The numeration is getting a little bit confusing, but let's see

  1. When you perform forecasting on a row of your dataset, you use the values of the variables in previous time slices to predict the values of t_0 in that row and the following ones. If you use the prov_ev argument to provide a variable in t_0 as evidence, then that variable will not be forecasted and the real value in the dataset will be used as evidence instead. The difference in your 1 and 2 previous questions is that in one you use the values of "stator_winding_t_0" that were already in the dataset and in the other you fix that value to 0.32.

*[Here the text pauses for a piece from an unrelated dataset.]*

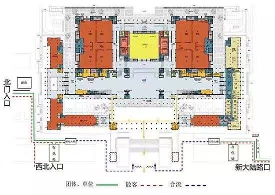您可持本人有效身份证件,通过国家博物馆北门西侧通道、西北口通道和南门新大陆路口进入西门小广场,从西门入馆参观。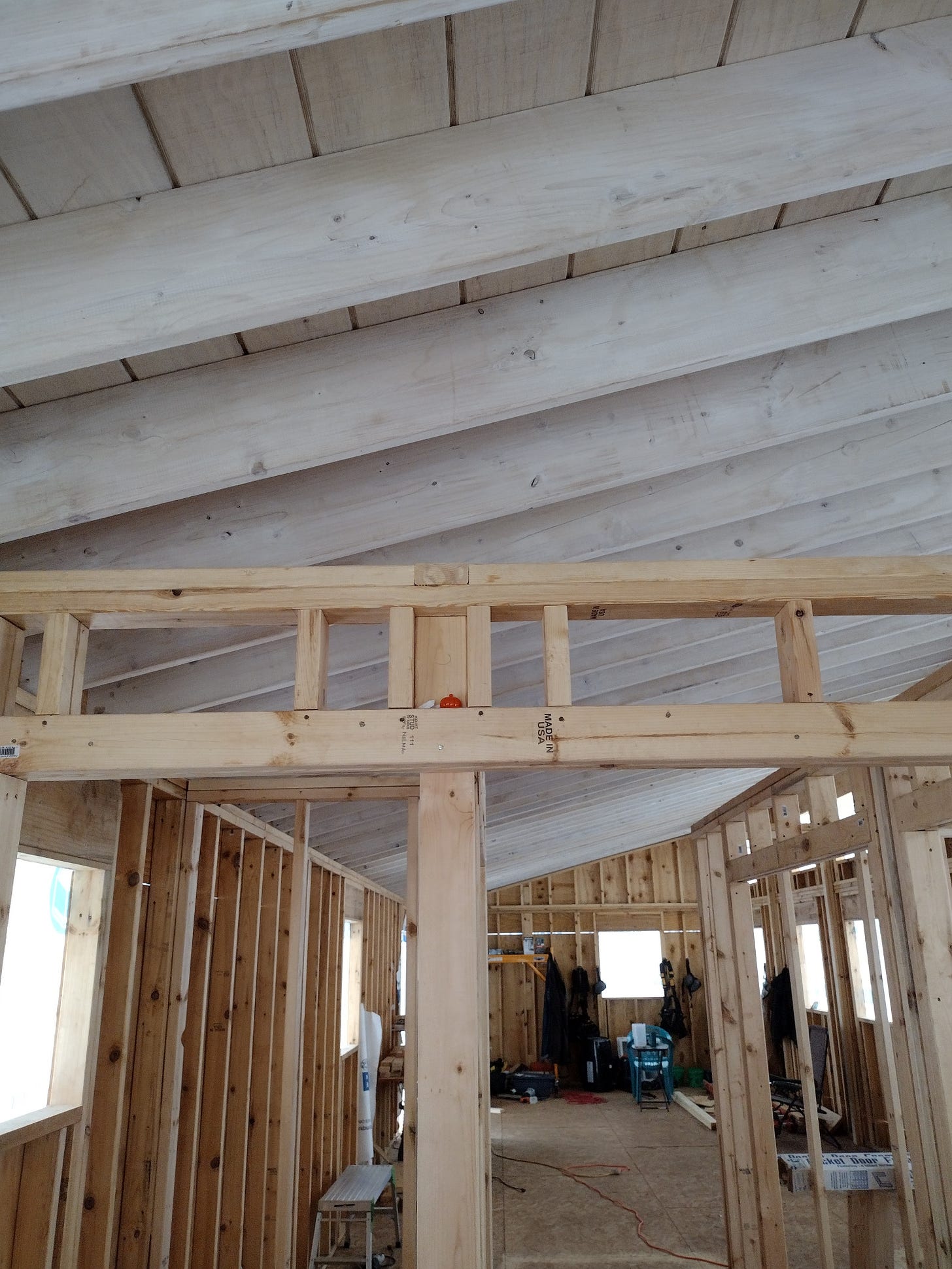 On Saturday, we got about half our interior walls up -- well, at least 8-feet up. The rake portion we will finish as we find time. Our brothers Levi and Jeremiah made quick work of raising the walls while I worked ahead of them, cutting lumber and marking layout.

  2. The shift_values() function should only be used if you want to forecast unknown data using the t_0 variables in the last row of your dataset as evidence. The only thing that this function does is moving all the values backwards, so that in a row of your data the values from the variables in t_0 are shifted to the variables in t_1, the values in t_1 to t_2, and so on. Afterwards, the values in t_0 are left as NA so that they can be predicted with the DBN. Doing this

    res_fore <- dbnR::forecast_ts(dbnR::shift_values(f_dt_val, fit, obj_vars = c("pm_t_0"), ini = 100, len = 2))

    Is equivalent to doing this

    res_fore <- dbnR::forecast_ts(f_dt_val, fit, obj_vars = c("pm_t_0"), ini = 101, len = 2)

    In conclusion, do not use the shift_values() function unless you are in a real world scenario and want to predict values that you do not have in your data, or if you preffer to have NAs in the variables you are predicting for some reason.

  3. You can use the prov_ev argument to perform interventions by fixing the values of some variable to see the effects on the forecasting. This is one of the inteded uses of this argument, so that the DBN models can be used as simulators. However, please keep in mind that the relationships shown in a Bayesian network are not causal relationships unless the network structure was built using specific methods for causal learning. The arcs in the graph represent conditional independence relationships based usually on the results of conditional independence tests or likelihood functions. With the prov_ev argument you can see the effects that a variable has on the final result of the prediction, or on some other variable, and you can evaluate its importance. But calling the relationship of two variables "causal" due to the results of some inference performed with a non-causal model is very debatable.

1369959395 commented 1 year ago

OK, thank you. I probably understand what you mean.

res_fore <- dbnR::forecast_ts(dbnR::shift_values(f_dt_val, fit, obj_vars = c("pm_t_0"), ini = 100, len = 2))

In this example, when the data in line 101 is predicted, the prediction value of the 100th instant is used as the evidence for predicting the 101st instant. Does this mean that although we have given prediction variables in "obj_vars", other variables will still be predicted and used for the next instant of evidence, but there is no output on the display results.

dkesada commented 1 year ago

Yes, that is correct. All the variables in t_0 are predicted to be able to perform forecasting, and only the ones given in obj_vars are returned.

1369959395 commented 1 year ago

This is very helpful to me. Thank you for your patience.